The House Armed Services Committee on Thursday publicized statistics it says show the sorry state of U.S. armed forces aviation units and “mold-ridden” barracks.
The report is a Republican effort to underscore how critical the omnibus spending bill is to war-fighters in the wake of “sequester” budget cuts. The bill pumps $47.4 billion for “get our planes back in the air,” the committee said, after two decades of the military flying high-tempo war missions in Afghanistan, Iraq, Syria and other theaters.
The sorry state:
The average age of Air Force planes is over 27 years.
The Air Force is 2,000 pilots short and “the pilots we do have are flying fewer hours than their predecessors in the 1970s.”
Less than half the Navy’s aviation assets can fly due to lack of spare parts.
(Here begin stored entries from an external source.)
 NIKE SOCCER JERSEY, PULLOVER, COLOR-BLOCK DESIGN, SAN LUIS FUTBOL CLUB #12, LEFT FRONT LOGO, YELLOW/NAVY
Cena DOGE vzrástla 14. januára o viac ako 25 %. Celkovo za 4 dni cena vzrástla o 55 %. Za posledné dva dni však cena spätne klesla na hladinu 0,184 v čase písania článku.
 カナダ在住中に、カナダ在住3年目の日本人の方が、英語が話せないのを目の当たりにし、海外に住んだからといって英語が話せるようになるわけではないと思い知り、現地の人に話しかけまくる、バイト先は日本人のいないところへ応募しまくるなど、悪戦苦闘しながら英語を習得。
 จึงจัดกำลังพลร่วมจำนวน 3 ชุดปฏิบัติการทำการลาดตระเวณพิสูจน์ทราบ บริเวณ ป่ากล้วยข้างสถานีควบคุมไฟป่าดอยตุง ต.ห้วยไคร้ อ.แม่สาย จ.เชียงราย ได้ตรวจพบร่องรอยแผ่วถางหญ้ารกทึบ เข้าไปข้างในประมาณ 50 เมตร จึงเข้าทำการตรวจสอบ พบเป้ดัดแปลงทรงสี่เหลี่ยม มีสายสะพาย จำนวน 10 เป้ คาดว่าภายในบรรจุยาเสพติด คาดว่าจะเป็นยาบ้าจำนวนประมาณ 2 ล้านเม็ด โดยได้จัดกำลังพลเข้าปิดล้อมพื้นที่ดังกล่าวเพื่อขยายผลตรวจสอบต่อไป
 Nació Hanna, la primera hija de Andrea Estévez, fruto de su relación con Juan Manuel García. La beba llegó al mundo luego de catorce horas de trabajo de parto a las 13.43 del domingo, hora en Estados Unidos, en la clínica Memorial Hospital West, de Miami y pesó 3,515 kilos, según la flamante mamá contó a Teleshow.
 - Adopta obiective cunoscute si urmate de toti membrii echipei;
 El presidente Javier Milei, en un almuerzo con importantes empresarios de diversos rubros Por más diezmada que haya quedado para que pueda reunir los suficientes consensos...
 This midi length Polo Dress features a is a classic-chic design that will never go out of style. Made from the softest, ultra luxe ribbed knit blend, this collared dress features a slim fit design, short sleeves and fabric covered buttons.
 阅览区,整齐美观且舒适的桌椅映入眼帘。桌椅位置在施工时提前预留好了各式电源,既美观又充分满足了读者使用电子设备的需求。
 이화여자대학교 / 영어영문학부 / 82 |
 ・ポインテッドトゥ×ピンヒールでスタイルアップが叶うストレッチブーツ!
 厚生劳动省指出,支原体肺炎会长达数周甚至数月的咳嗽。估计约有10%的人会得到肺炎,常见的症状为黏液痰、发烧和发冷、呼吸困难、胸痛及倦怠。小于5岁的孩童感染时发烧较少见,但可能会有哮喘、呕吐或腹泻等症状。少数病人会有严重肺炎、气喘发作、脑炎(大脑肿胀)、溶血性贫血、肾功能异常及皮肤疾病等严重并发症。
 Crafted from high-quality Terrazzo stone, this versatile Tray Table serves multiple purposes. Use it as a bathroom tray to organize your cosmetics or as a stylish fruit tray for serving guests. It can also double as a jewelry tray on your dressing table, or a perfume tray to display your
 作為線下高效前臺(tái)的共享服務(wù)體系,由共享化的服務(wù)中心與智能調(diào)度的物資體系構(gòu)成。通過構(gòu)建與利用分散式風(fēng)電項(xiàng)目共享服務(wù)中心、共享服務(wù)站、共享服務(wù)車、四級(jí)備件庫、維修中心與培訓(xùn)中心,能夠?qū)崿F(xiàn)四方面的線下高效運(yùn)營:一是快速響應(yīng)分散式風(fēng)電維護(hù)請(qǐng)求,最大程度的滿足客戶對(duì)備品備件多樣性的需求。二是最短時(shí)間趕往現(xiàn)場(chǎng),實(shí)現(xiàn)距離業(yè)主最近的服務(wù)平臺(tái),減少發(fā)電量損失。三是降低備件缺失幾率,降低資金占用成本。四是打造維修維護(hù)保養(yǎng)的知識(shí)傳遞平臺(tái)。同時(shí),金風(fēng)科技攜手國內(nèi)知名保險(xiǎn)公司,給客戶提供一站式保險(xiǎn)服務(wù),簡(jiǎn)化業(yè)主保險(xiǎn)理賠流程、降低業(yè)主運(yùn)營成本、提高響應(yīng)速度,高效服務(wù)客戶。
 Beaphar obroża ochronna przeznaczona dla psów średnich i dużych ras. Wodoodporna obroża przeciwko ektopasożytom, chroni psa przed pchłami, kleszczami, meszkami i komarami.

On the Marine Corps side, about 80 percent of units “lack the minimum number of ready basic aircraft.”
The bill also injects $22.4 billion into what the committee says are needed to repair military buildings and construct new ones.
“Our Armed Forces are struggling with crumbling and mold-ridden barracks, hangars that have been condemned, air traffic control facilities and runways in disrepair, collapsed ceilings and contaminated water,” the committee said. “The backlog of deferred maintenance on facilities has increased from $2 billion in 1978 to $100 billion today.”